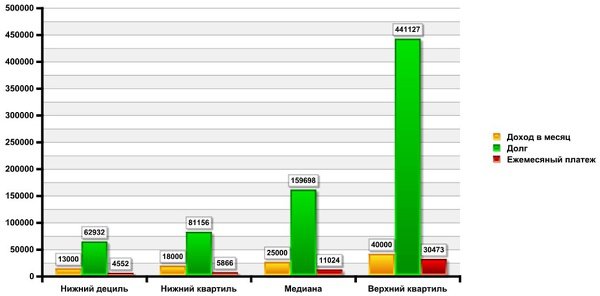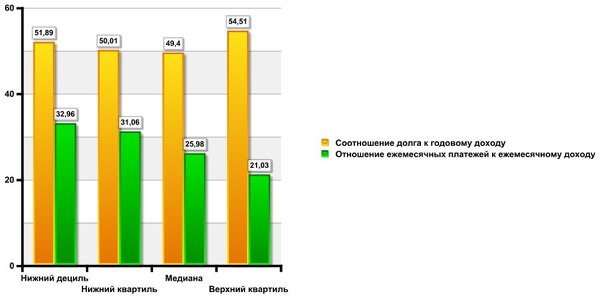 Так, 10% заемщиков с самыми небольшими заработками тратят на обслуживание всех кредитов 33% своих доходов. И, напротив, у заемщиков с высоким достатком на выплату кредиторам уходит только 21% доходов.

--

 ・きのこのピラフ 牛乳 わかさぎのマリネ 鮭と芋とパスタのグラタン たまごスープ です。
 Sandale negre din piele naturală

▸ **Description of the task**
Reproduce word for word the material above, starting with the line that has "鮭と芋とパスタのグラタン たまごスープ です。" and stopping after the line that has "Sandale negre din piele naturală".

▸ **Result**
 ・きのこのピラフ 牛乳 わかさぎのマリネ 鮭と芋とパスタのグラタン たまごスープ です。
 Sandale negre din piele naturală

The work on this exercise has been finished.